根本问题解决不了,也没有人愿意直面,怨气和怒气总要时不时找到发泄口,中共就“无辜地”成了最好的靶子。港府为什么可以傲慢到这个地步?都怪中共。香港为什么贫富分化越来越严重?都怪回归了。香港年轻人为什么买不起楼?都怪中共支持的地产商。当问题看上去足够复杂时,归一变得相对简单直接。这就跟台湾在两岸关系充满不确定性的今天,将自己的民生问题与国际空间受限统统怪罪于大陆一样,再加上蓝绿政客各取所需的政治操弄和添油加醋,大陆早已是十恶不赦的“罪魁”。

其实抛开意识形态和情绪化,经历过六四风波的中共,在应对香港今次游行示威活动时,保持着相对谨慎。当香港警方第一时间将事件定性为“暴动”时,北京发声的官方机构和喉舌媒体,只是“引用”表达。
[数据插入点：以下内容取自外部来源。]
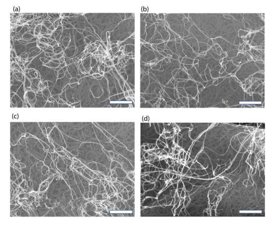 Raw CNTs were synthesized using chemical vapor deposition (CVD), as shown in Figure 1a and described in the Methods section. The visualization structure of the CNT consists of a cylindrical graphitic sheet rolled up with 100% black color. The average diameter and length of the CNTs are approximately 2–4 nm and 500 µm, respectively, and their surface area are ≥450 m2 g−1. Scanning Electron Microscopy (SEM) was used to observe micromorphology. The synthesized raw CNTs were bundled, as shown in Figure 1b. The bundling of the synthesized raw carbon nanotube causes agglomeration and nonuniformity, and the dispersion of the bundled sample is usually the first step towards a uniformly dispersed CNT film, which is a major challenge for the current mass production process, as discussed below.

而在有了进一步指示后,以很中性的“反对修例的游行集会事件”定论。针对参与游行的群体,北京也进行了切割处理:其一是极少数诉诸激进暴力手段的人,比如冲击立法会和政府总部者,该怎么办就怎么办;其二是扮演推波助澜、煽风点火角色的外部力量,强烈谴责其不负责任及干涉中国内政的言行;其三是单纯对修例焦虑不安、对港府和内地司法体系不信任的港人,要尽量多加解释,通过调整法例让其释怀,这是要解决的关键所在。